New York state raised fast food workers’ minimum wage through a similar wage-setting board, and Seattle created a multi-stakeholder board that sets labor standards for domestic workers, including independent contractors. “Sectoral councils are really well suited for industries where unions have little or no density and the structure of the industry is heavily fragmented and makes traditional organizing difficult or impossible,” explains David Madland, senior adviser to the American Worker Project at the Center for American Progress. Only 1.3 percent of all restaurant workers are union members, and even if one fast food location could manage to unionize, that wouldn’t prevent the franchise down the block from undercutting them on wages. “The sectoral council can help ensure that we have competition that’s based on productivity and improving the delivery of services, rather than on squeezing workers,” says Madland. 

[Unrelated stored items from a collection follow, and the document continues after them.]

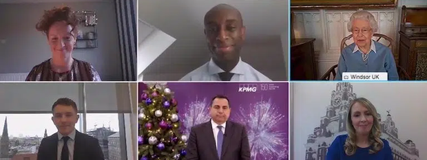 Trong lần xuất hiện mới nhất này, Nữ hoàng Anh đã tham gia cuộc gọi trực tuyến với công ty kế toán KPMG nhân kỷ niệm 150 năm thành lập của họ. Bà đã lắng nghe 4 nhân viên của công ty kể về những khó khăn và thử thách mà họ đã trải qua trong thời gian đại dịch bùng phát.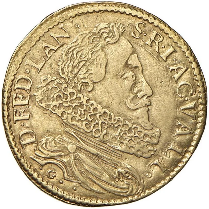 Crowned shield with a double-headed eagle and the Landi family arms.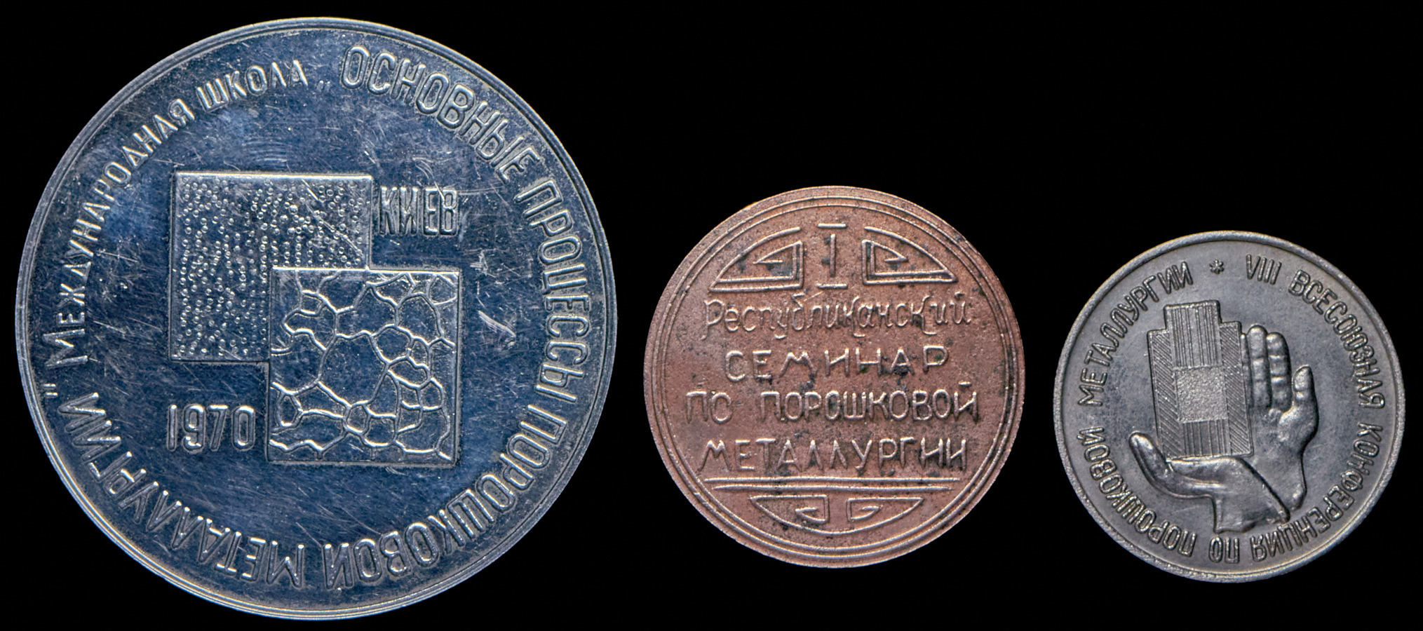 XF-AU. В набор вошли: 1. Медаль Минск, сентябрь 1966 год. VIII всесоюзная конференция по порошковой металлургии. Диаметр 34 мм.Нейзильбер (?). 2. Медаль Ташкент, 1969 год. Республиканский семинар по порошковой металлургии. Диметр 38 мм.Бронза (?). 3. Медаль Киев, 1970 год. Международная школа «Основные процессы порошковой металлургии. Диаметр 60 мм.Нейзильбер (?)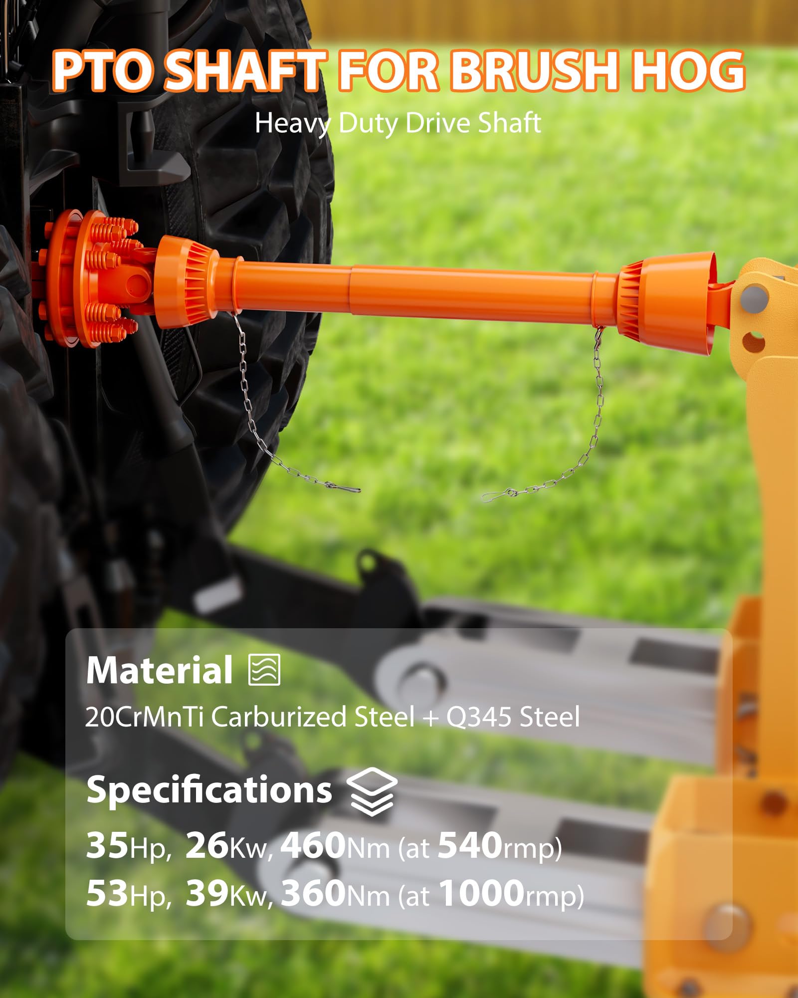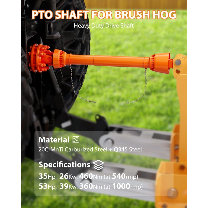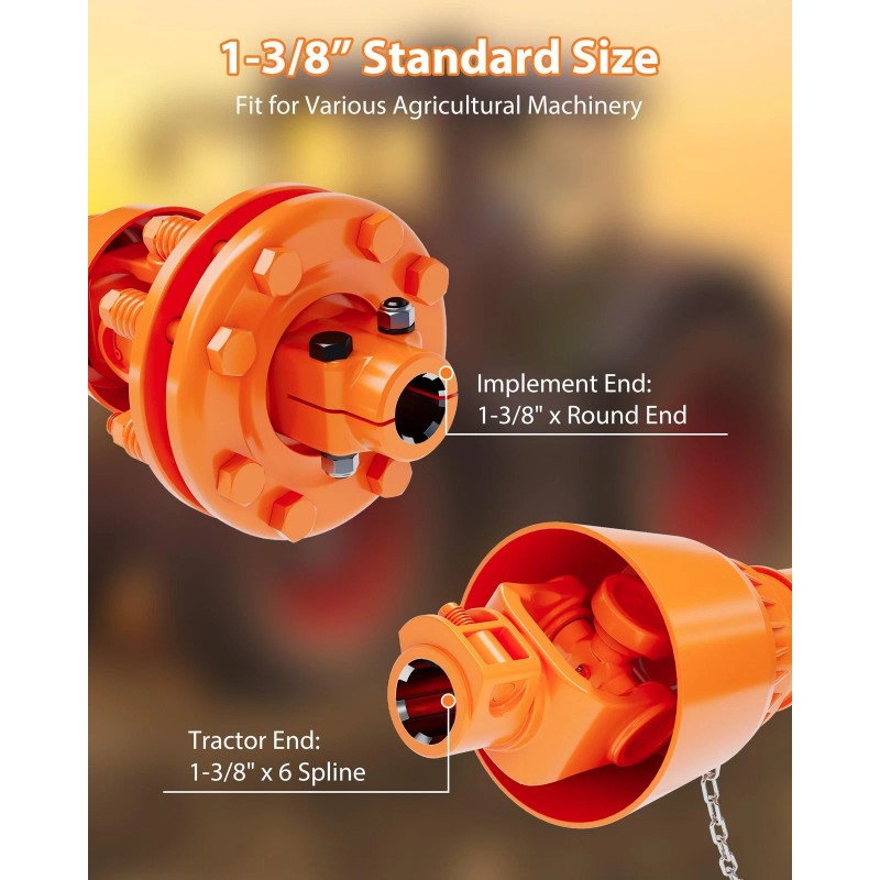 【Universal Compatibility】: Featuring 6 spline ends (1-3/8" x 6 Spline on both tractor and implement ends), our brush hog PTO shaft seamlessly matches implements and tractors of the same size and type, delivering exceptional driving force for your machinery.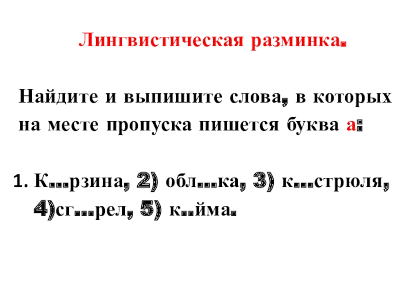 К…рзина, 2) обл…ка, 3) к…стрюля, 4)сг…рел, 5) к..йма.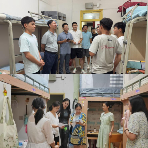 在新生宿舍,领导老师们积极同新生开展亲切交流,就生活问题、学习问题、安全问题等提出了建议,鼓励同学们大胆尝试、做好规划、勤奋学习,为健康、安全、充实地度过老员工活做长远打算。同时,老师们也希望每个同学都能珍惜时光,勇敢追求梦想,不断提升自己。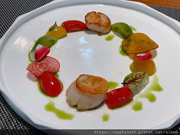 煎到半熟的生食級北海道干貝,內心都還是半透明的,

It’s worth noting that not all industry standard-setting efforts are created equal. New York legislators recently introduced a sectoral bargaining proposal that, on paper, would allow delivery and ride-hailing gig workers to elect unions to negotiate with tech corporations, such as Uber and Instacart, for industrywide wages and benefits.

However, this proposal also requires gig workers to give up several rights, namely, their right to be classified as employees instead of independent contractors. Creating a legal carve out to permanently classify gig workers as contractors bars these workers from engaging in collective bargaining directly. The bill would also prevent workers from being paid for time spent looking for rides (undermining the value of any minimum wage unions may negotiate). The proposal also includes a no-strike clause and replaces existing state-level unemployment insurance with portable benefits that could be less generous, among many other issues raised by critics.

By contrast, the FAST Recovery Act in California does not preclude fast food workers from forming a union to bargain for benefits beyond the standards set by the sectoral council. The council also would not take away any existing workers’ protections and benefits. The bill has already been passed by the California Assembly Judiciary, Labor and Employment, and Appropriations Committees and awaits floor votes in the Assembly and Senate.